Whatever other crimes Collings is guilty of (I suspect his house is full of the corpses of prostitutes and choirboys, which is why I am never allowed to go round there) I was doubting that even he would have stolen a used towel. No one had stolen a towel for the first two weeks we have been here, but the day after Andre Vincent turned up one had gone mission. I was putting two and two together and making towel thief. When I got back from the podcast I came up with a brilliant detective plan. I decided to go into the spare room and see if the towel was in there. Genius.
And Vincent hadn't even attempted to hide his crime. The towel was draped over his radiator with guilt written all over it, as clearly as the drying arse and scrotum water that he had wiped up with it.
And yet, it all seemed a bit too much of an open and shut case. Had the guilty flat mate sensed the net closing in on them and decided to implicate a patsy?
As it turned out, no. Andre Vincent later admitted that he had thought the towel was free and he had just blithely taken it. He did try to come up with some excuse that one of the others had told him that the towel was up for grabs, but he's gone a bit quiet and doesn't seem to know which flat mate that was. So we can only assume that Andre Vincent is a towel thief and loves using the used towels of fat men, imagining the fibre contains homeopathic memories of the places and the things that the towel has wiped. I hope anyone googling Andre Vincent (surely only himself) will come across this fact and that his wikipedia page will be updated accordingly (citation needed? Link to this blog).

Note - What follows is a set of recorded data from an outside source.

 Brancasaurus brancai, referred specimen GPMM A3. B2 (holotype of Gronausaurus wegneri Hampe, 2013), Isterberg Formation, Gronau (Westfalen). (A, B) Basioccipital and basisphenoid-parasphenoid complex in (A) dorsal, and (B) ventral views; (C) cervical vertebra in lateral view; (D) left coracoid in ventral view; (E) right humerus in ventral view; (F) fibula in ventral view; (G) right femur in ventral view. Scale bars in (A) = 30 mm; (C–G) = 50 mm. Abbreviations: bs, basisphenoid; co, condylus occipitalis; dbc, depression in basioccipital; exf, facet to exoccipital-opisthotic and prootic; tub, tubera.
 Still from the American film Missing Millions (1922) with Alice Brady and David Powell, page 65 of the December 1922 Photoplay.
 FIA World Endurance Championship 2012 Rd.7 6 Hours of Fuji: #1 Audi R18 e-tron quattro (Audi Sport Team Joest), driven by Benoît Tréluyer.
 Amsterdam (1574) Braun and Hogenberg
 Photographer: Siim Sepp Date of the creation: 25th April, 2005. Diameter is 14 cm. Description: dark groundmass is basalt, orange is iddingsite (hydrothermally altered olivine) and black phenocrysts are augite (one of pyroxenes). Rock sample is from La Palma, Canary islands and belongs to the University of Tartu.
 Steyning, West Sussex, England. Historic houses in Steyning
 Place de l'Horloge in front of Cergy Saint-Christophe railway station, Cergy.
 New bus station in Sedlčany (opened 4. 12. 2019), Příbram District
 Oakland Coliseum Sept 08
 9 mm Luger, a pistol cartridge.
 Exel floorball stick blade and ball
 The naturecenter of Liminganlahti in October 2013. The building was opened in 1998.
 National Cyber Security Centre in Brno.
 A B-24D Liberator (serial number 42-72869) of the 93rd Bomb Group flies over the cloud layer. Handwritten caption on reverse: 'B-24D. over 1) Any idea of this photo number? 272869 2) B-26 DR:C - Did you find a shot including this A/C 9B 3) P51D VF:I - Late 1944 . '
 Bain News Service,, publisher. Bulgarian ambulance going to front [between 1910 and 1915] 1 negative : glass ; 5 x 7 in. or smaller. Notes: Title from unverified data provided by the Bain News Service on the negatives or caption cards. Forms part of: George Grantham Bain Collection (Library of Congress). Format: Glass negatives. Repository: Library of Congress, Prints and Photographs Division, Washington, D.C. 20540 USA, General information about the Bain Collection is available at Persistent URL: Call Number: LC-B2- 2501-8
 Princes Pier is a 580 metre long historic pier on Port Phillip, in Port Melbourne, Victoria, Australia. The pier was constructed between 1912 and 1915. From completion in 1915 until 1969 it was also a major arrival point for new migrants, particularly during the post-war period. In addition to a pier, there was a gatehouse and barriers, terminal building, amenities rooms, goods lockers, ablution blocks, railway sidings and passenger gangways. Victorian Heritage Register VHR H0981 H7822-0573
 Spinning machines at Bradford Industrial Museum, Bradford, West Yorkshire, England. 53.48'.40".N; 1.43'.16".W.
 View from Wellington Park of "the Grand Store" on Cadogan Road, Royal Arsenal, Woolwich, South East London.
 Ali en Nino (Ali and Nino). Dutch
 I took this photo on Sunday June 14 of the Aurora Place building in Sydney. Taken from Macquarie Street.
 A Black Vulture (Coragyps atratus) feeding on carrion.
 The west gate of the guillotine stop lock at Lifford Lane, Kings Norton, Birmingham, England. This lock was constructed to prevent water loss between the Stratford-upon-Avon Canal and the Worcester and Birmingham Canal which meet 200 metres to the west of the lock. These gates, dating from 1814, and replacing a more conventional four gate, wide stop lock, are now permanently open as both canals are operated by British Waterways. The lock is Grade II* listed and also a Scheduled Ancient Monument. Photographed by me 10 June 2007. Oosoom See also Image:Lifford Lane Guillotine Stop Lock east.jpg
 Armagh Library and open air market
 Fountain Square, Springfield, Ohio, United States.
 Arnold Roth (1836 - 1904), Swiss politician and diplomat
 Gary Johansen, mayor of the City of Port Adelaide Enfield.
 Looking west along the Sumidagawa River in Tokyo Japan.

I attempted and failed to get any work done on AIOTM, but had a very enjoyable COAB gig and then headed up the hill to do another stand up appearance. But I wasn't going to hang around and came home straight afterwards for an earlyish night. Walking through the streets of drunken fools and hen nights and stag parties. I passed a homeless guy, packing up his pitch and facing away from the street, putting on a bandana. I looked at him in passing and he had his back to me and he said, "Only ignorant people stare." I don't know if he was addressing me. I wasn't staring and there's no way he could have seen me if I was. And I wanted to point out that his assertion isn't true. Pretty much everyone stares at some point. But I decided to let it go. In Edinburgh in the Fringe everything becomes like a performance piece and you never know what is real and what isn't. I was glad to escape the madness. Despite not going to the gym I ended up doing almost 2 hours walking today and I felt fit and alert when I got home. I am going to need to be. I have an awful lot on my plate.